Workflow Driven Private Market Liquidity

Diving deeper into

Alex Johnson, co-founder & CEO of Velvet, on vertical AI for venture capital

Interview
my idea of a liquidity-focused agent is one that could actually suggest both demand and supply across a proprietary dataset
Analyzed 5 sources

The real wedge is not better matching logic, it is owning the daily workflow data that reveals who wants what before anyone formally comes to market. Velvet is trying to sit upstream of the transaction, where investors read decks, draft memos, track theses, and update CRM records. If that behavior lives inside one private workspace, an agent can infer likely buyers, sellers, co investors, and secondary interest without exposing raw firm data.

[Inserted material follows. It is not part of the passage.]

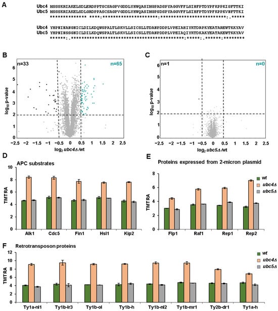 Proteome-wide profiling of differentially abundant proteins in exponentially growing ubc4Δ and ubc5Δ cells compared to wild-type cells and potential candidate substrates of Ubc4. (A) Protein sequence alignment of the two ubiquitin-conjugating enzymes Ubc4 and Ubc5. The volcano plots illustrate differentially abundant proteins (i.e., |log2 ratio| > 0.5 and p-value < 0.01) between (B) wild-type and ubc4Δ or (C) wild-type and ubc5Δ cells. p-values are uncorrected two-sided student t-tests. Proteins with abundance measurements that are higher in ubc4Δ cells are highlighted, such as (D) substrates of the Anaphase Promoting Complex (APC), (E) proteins expressed from the 2-micron plasmid, and (F) retrotransposon proteins. RA: relative abundance. Error bars represent the standard deviation between replicates for panel D through F. TMT RA, tandem mass tag relative abundance.

  • This works only if the product is used every day. The interview frames the terminal model clearly, research, data, participants, and workflow in one place. That is why the analyst product comes before the liquidity layer. The software captures the signals, then the network can suggest matches through double opt in.
  • The closest precedent is private market infrastructure players buying data exhaust. J.P. Morgan bought Aumni for venture analytics and document data, and BlackRock bought Preqin for private markets data and relationships. The pattern says proprietary workflow and market data can become more valuable than a point solution for a single transaction.
  • It also explains the emphasis on privacy and conflict controls. Carta had the ownership ledger but struggled to turn that into a trusted exchange workflow. Velvet's model is to keep each fund in a sandboxed environment, then let agents suggest connections only when both sides choose to engage, which is closer to liquidity discovery than price discovery.

If this model works, private market liquidity will shift from broker led searching to software led discovery. The winners will be the platforms that see investor behavior earliest, turn it into useful intent signals, and route those signals into secondaries, syndicates, and co investments without breaking trust. That is how an AI analyst can expand into a market access layer.